九霄.音

36 广厦将倾


暴君亡国与百鬼何干?若是圣明君主,百鬼抵不过一场旱涝。
    他这话明面上是在质问城隍,实际上是说给容莞听的,容莞懂他的意思,默不作声,心里感激得很。
    城隍悔死自己管不住嘴,本以为跟容莞抱怨几句没什么,不曾想魔君护她紧得很,半句不让说。
    “是下仙见识浅,大人说的没错,君主暴虐,国家迟早会灭亡跟鬼鬼神神没半点关系。”
    “行了,你不必解释,容姑娘的事你记在心上,好好帮她找人。”
    “是是是,大人放心,下仙掘地三尺也把人找出来。”
    “另外我还有事问你,幽冥厉鬼放出后,胤琩君和紫宸宫里的人可有来过洛阳?”
    话题转开,城隍的微微松懈,思索着说:“好像前阵子洛阳城里是有紫宸宫人出现,下仙看他们只是吃喝玩乐便没甚在意,帝君大人有没有来过下仙就不知道了,帝君本事那么大,他要是不想让下仙知道下仙长十双眼睛也找不着他。”

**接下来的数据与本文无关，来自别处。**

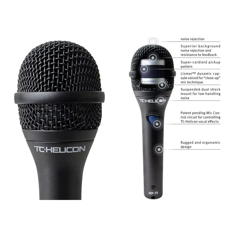 Projektując MP-75 konstruktorzy TCHelicon skupili się także na jego budowie, aby przetrwał trudy każdej trasy koncertowej, w jakiej będzie brał udział. Obudowa została odlana z metalu, zaś sam grill wykonany został z drutu z hartowanej stali i uzupełniony o piankowo-tekstylny pop-filtr. Zastosowanie we wkładce neodymowego magnesu pozwoliło na uzyskanie krystalicznego brzmienia i wysokiego sygnału wyjściowego.
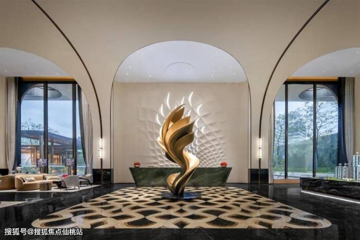 据悉,项目甄选了32种奢石和各类名贵树种,如社区大门前的蓝翡翠奢石水景底座、会所吧台的宝格丽白奢石、会所迎宾台绿野仙踪奢石、门把手镶嵌普拉达绿奢石等等,园林景观更有椤木石楠、全冠移植凤凰木等等。结合东方礼序的一进礼仪广场,二进迎宾大堂,三进下沉会所,藏艺于内,每一进皆震撼。
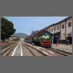 Der Versuch kurzfristig den Zug mit Tuk-Tuk zwecks Fotografierens zu begleiten, scheiterte leider und so fuhren wir auch wieder mit dem Zug talwärts (Bild 1302-025). Immerhin diesmal in der Plüschklasse. Noch relativ weit oben kommt man an einem Ganesha-Tempel vorbei (Bild 1302-028). In einer Eisenbahnromantikfolge über diese Bahn berichtete man vor geraumer Zeit, dass dieser Tempel durch einen Lokführer der Bahn in seiner Freizeit geschaffen wurde, indem die Figur aus dem Felsen herausgehauen und bemalt wurde.
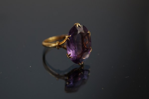 Bague en or jaune (750°°°) sertie griffe d'une améthyste. TDD..
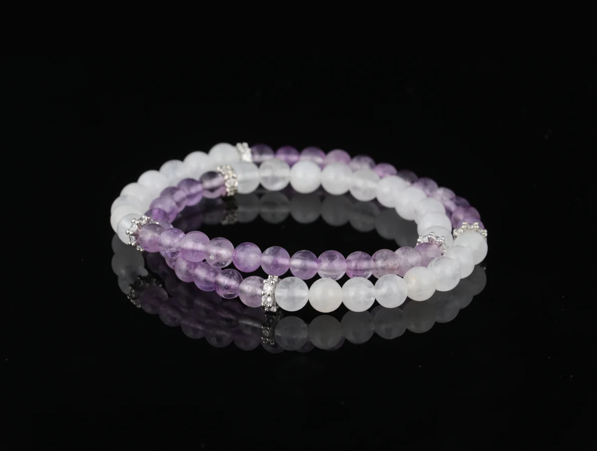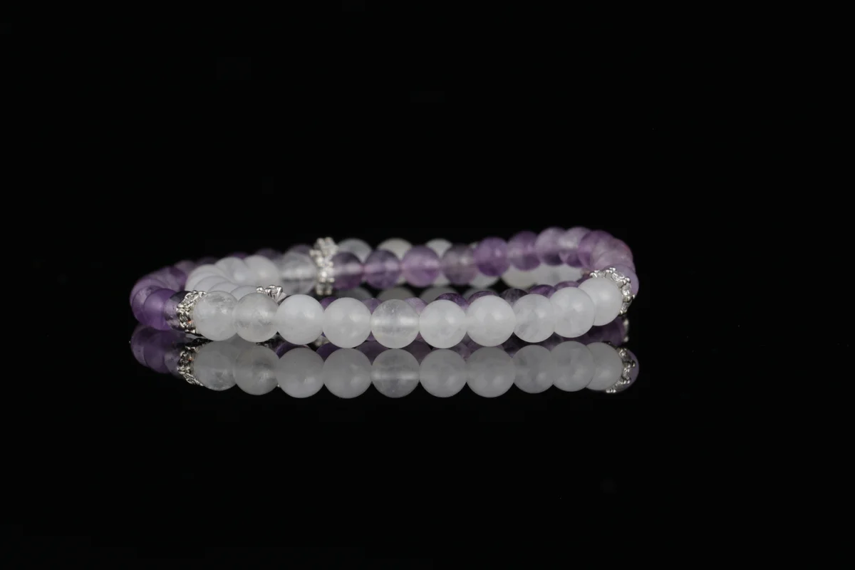 ✨【天然紫水晶白阿塞疊戴手鍊】✨ 🌟 天然紫水晶融合高頻率白阿塞,雙倍能量疊加,助你顯化心願。紫水晶招財助眠,白阿塞淨化轉運,疊戴設計層次感十足,單戴疊搭皆美。 💫 天然原石打磨,每一顆紋路都獨一無二。遵循「左進右出」原則佩戴,招財助眠戴左手,淨化負能量戴右手。 🛒 適合五行缺火、需提升財運與睡眠品質的你。天然水晶,能量純粹,為你的日常注入寧靜與好運。
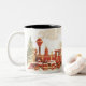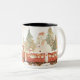 Celebrate the magical and festive holiday season with our personalized photo mug. Our vintage holiday design features a farm landscape of Christmas trees, this Christmas pattern features a farm Christmas scene with a farm, a red barn, children playing and throwing snowballs, Christmas trees and a red vintage truck
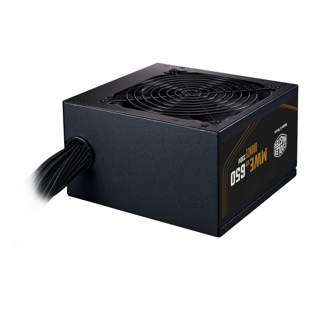 Cooler Master MWE Bronze 650 V3. Potenza totale: 650 W, Tensione di ingresso AC: 100 – 240 V, Frequenza di ingresso AC: 50/60 Hz. Connettore scheda madre: 24-pin ATX, Lunghezza del cavo di alimentazione della scheda madre: 50 cm, Lunghezza del cavo di alimentazione SATA: 400,550,700 mm. Utilizzo: PC/server, Fattore di forma dell’unità di alimentazione (PSU): ATX, Certificazione 80 PLUS: 80 PLUS Bronze. Colore del prodotto: Nero, Tipo di raffreddamento: Attivo, Diametro del ventilatore: 12 cm. Certificati di conformità: BIS, BSMI, CCC, CE, Federal Communications Commission (FCC), KC, RCM, RoHS, UKCA, cTUVus, Certificazione: ErP 2014 Lot 3

    清蘅应和着点头:“这倒是事实,有劳城隍大人,告辞。”
    听到他要走城隍拼命忍住喊小童买酒庆祝的冲动,更不敢说客套话留人,紧紧抿住嘴风儿不透。
    偏偏这时候他家小童子不识相的跑进来,歪着脑袋一脸认真的问:“城隍大人,刚刚门口好大一阵鬼气传进来,你要不要去管管啊,还是留给泰山府处置啊?”
    ……
    空气凝结了一阵,容莞天真的问:“难道城里有鬼怪作祟城隍不管?”
    “管管管!”城隍连忙接上。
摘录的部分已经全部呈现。